What is the sequester?

Do you know what the sequester is? If not, you’re not alone – about half of the country hasn’t been following the news about the sequester and doesn’t clearly understand what it is, according to a recent Pew poll.
When I first heard the term, I paid it no attention. Sequestration, as far as I knew, was what they do to a jury during important murder trials so they can’t be influenced by the press. In this context, however, the sequester is almost universally acknowledged as a really bad thing.
You may remember the “fiscal cliff” – a series of tax cuts that expired at the same time as automatic spending cuts came into effect on Dec. 31, 2012, at 12:00 a.m. (Happy New Year, America!). To avert this crisis, which economists projected would slow national spending by 1.7 percent for 2013, Congress passed a bill, which the President then signed, to fund the government for two more months, basically putting off the nitty-gritty parts of the deal-making until March 1.
So these stopgap procrastination measures set up a challenge: Congress had to cut billions of dollars in discretionary and non-discretionary spending by March 1. Spoiler alert: they didn’t. The President and House Republicans both proposed several plans for these cuts and, although Obama changed his plans to incorporate their key points, some of the more conservative Republicans were unwilling to negotiate with the White House despite such attempts at compromise.
As of March 1, these automatic spending cuts began, to the tune of $85.4 billion for 2013, according to the Congressional Budget Office.
The slashes will have the greatest impact on defense spending, with a nearly eight percent cut. Discretionary spending (money allocated toward any non-entitlement programs such as schools and public health) will face a 5.3 percent cut; non-discretionary spending, including Medicare and mandatory defense programs and non-defense programs, will see about $14 billion in cuts.
These may just sound like arbitrary numbers, but the real-life impact of the sequester is huge. Part of the law that put the sequester into effect stipulates that it has to affect “every program, project and activity” the same amount. The sequester won’t just hurt the bureaucracy – funding to nearly every government program will be cut.

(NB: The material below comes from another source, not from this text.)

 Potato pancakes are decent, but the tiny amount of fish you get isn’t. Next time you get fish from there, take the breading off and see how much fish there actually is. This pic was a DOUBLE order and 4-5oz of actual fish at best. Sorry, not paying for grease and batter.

The Washington Post put together a great graphic explaining the state-by-state effects of the sequester, according to information provided by the White House. Here are some of the cuts we’ll see in California alone:
·  $1.1 million less of funding for vaccinations, meaning nearly 16,000 kids won’t be protected against measles, whooping cough and tetanus
·  $3.3 million less for those seeking employment, which translates to 129,770 fewer people getting help in finding a job
·  $54 million less in funding for Army bases and $15 million less for the Air Force
·  The Head Start program that provides preschool care and early education will be eliminated for 8,200 kids due to lack of funding
This combination of military and domestic program cuts is particularly devastating in states that are centers of the defense industry. In Virginia, for example, 90,000 civilians will be furloughed, meaning they will be forced to take unpaid days off from work, thus reducing their salaries.

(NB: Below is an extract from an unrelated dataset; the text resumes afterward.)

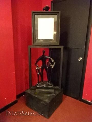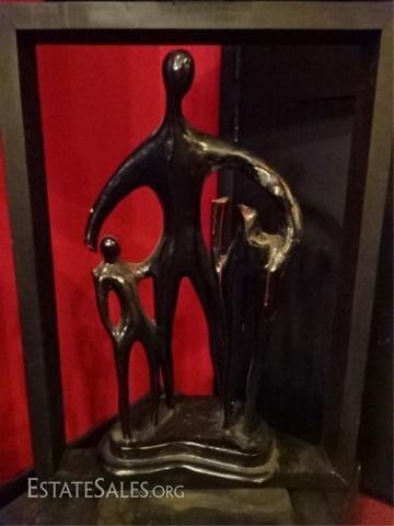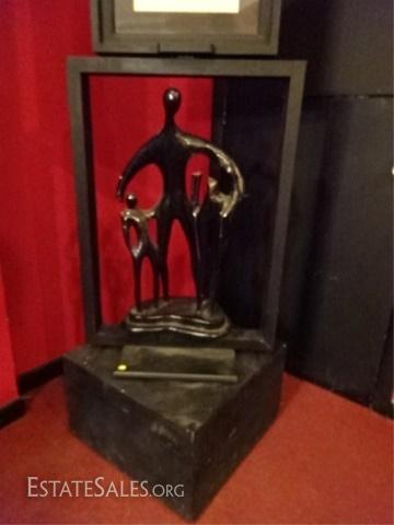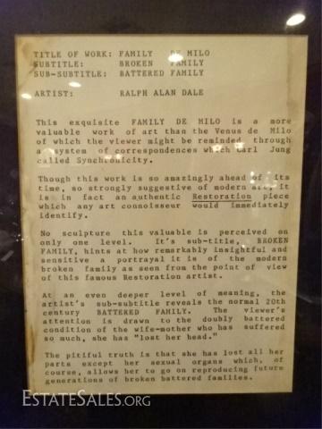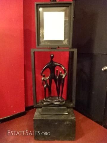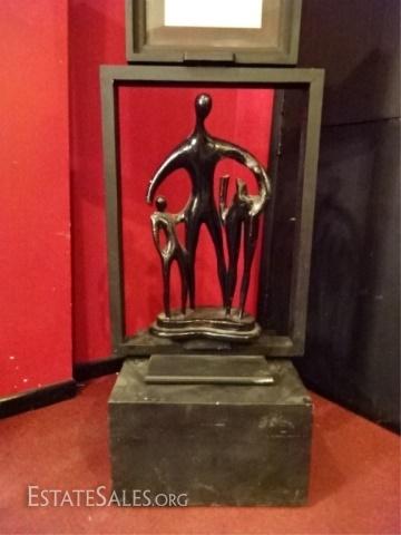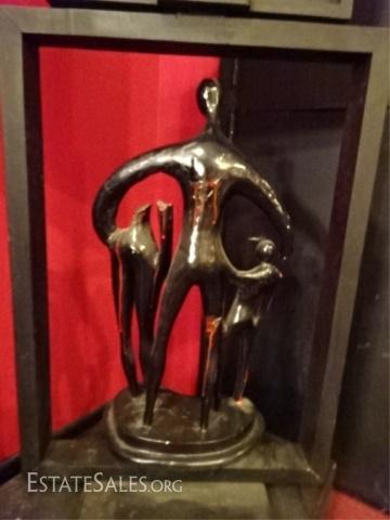 LOT 42B: RALPH ALAN DALE LARGE CERAMIC SCULPTURE ON REVOLVING WOOD BASE, TITLED "BROKEN FAMILY", APPROX 5.5'H, SKU390.12

Traveling over spring break? 10 percent of the TSA could be furloughed every day due to the sequester, leading to severe delays at airports. Many departments are cutting back internship and youth outreach programs because they lack funding, so you might need to reevaluate your summer plans.
The Congressional Budget Office estimates that the sequester will slow the growth of the gross domestic product by about 0.6 percent. When you add in the expiration of payroll taxes and other fiscal measures, that CBO estimate reaches 1.5 percent.
Obviously the government needs to cut spending, but blindly applying blanket cuts to every program is not the way to do it. Museums and national parks, not to mention the health and education of the American people, shouldn’t suffer because Washington couldn’t work out a deal.
Your mom tells you that your actions have consequences and your teachers warn you not to let your work snowball.
The sequester is the ultimate example of procrastination gone wrong.